Aug. 3, 2002 – Two firefighters were slightly injured Saturday when an unidentified chemical substance ignited inside a trailer near a downtown St. Thomas gas station.
The incident took place around noon near the Polyberg Texaco station, about two blocks northeast of the Federal Building. Emergency crews from the Police Department, Fire Service, Emergency Medical Service and V.I. Territorial Emergency Management Agency responded quickly to the scene.
According to Merwyn Potter, Fire Service chief for the St. Thomas-St. John district, the two firefighters suffered inhalation injuries from noxious fumes as they tried to put out the fire inside the trailer. "They went in there because there was a fire involved," he said, and as water from a fire hose came in contact with some chemicals, it set off a reaction.
The two men were taken to nearby Roy L. Schneider Hospital, where they were treated and released. They then returned to the scene of the fire to continue working.

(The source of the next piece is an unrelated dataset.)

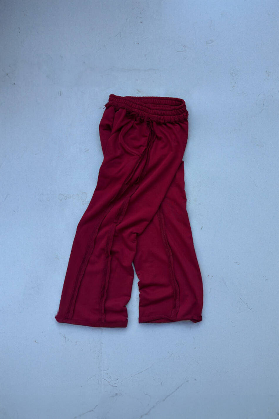 3 iplik şardonsuz örme kumaştan üretilen bu eşofman, geniş paça ve yüksek bel kesimine sahiptir. Bel kısmındaki ham kenarlı fırfır detayı ve ön paneldeki açık ceplere sahip tasarım, belirgin dikiş hatlarıyla hareketlendirilmiştir. Paçalarındaki kıvrımlı bitiş ve iç yüzeydeki dokusuyla salaş bir silüet sunan ürün, rahat kalıbıyla günlük kullanıma uygundur.

Clayton Sutton, VITEMA deputy director, said the trailer, which Texaco owns, was parked near the gas station. It contains the system that is used to keep the underground soil around the gas station clean.
Polyberg Texaco is a small gas station along a narrow roadway in a densely populated residential area, surrounded by two-story buildings. The station, which was open for business at the time of the incident, was not damaged, but Potter said about 20 people were evacuated from the area, including a family of six.
The station was closed for the remainder of Saturday but will reopen on Sunday, owner Tom Gutshall said.
Gutshall, who saw the smoke from his Raphune Hill home, called 911. "The response from the fire department, VITEMA and the haz-mat people and the police was extremely professional," he said. "I was very impressed."
Emergency workers spent several hours conducting a hazardous materials procedure to assess the situation. "We're still going through an assessment phase, trying to determine what it is" that caused the fire, Sutton said late Saturday afternoon.
Police had set up road blocks in the area, directing motorists away from the scene until the situation was resolved. As of 5:45 p.m. residents were being allowed back into the area.
Sutton said although the chemicals have not been identified, it is known that "they are not toxic and not explosive."
He said emergency managers will return to the site on Monday to conduct further tests seeking to identify the chemicals.